Another advantage of the invention is that it can be used to substantially reduce this overhead in document indexing by identifying the words that are important to the content of the document and generating an index containing this subset of words. This not only saves disk space but also processing time, since the search operations can be performed on a much smaller index. The invention generates a list of topic words from text, each of which is informative about the content of the text, and it excludes words from text that do not convey much information. Using linguistic information to perform this task provides several principled ways of distinguishing words with high information content from words with low information content.
Another advantage is that the invention helps eliminate additional redundancy in an index of concepts found within text by identifying words that are related by inflection or derivation (e.g., "category" and "categories," "subject," "subjects," and "subjectness"). Instead of representing each instance of a word that differs slightly from previous instances, a base of the word is stored and used to represent all forms that can be derived from it. Thus, for example, "category" may be stored once in the list and it can represent "category," "categories," and even "categorical." This greatly reduces the storage required for indexes to text.

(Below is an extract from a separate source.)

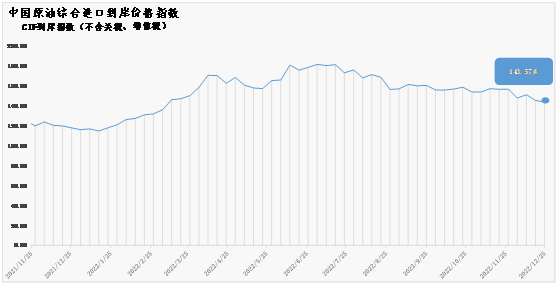 12月19日-25日中国原油综合进口到岸价格指数为143.57 环比下降1.09%

The filtering procedures described in this application were applied to a number of text samples for evaluation, including a 153-word paragraph from a linguistics article, a 447-word financial memo, and a page from a functional specification containing 550 words. The resulting lists for these three contained 23%, 25%, and 17% of the words in the original text, respectively. The results obtained by testing other text samples were consistent with these numbers. The filtering mechanisms of the invention can identify 75% to 80% of the text as irrelevant to the topic of the text.
Other advantages and features will become apparent from the following description of the preferred embodiment and from the claims.
DESCRIPTION OF THE PREFERRED EMBODIMENT
FIG. 1 is a block diagram showing a morphological analyzer and a lexicon.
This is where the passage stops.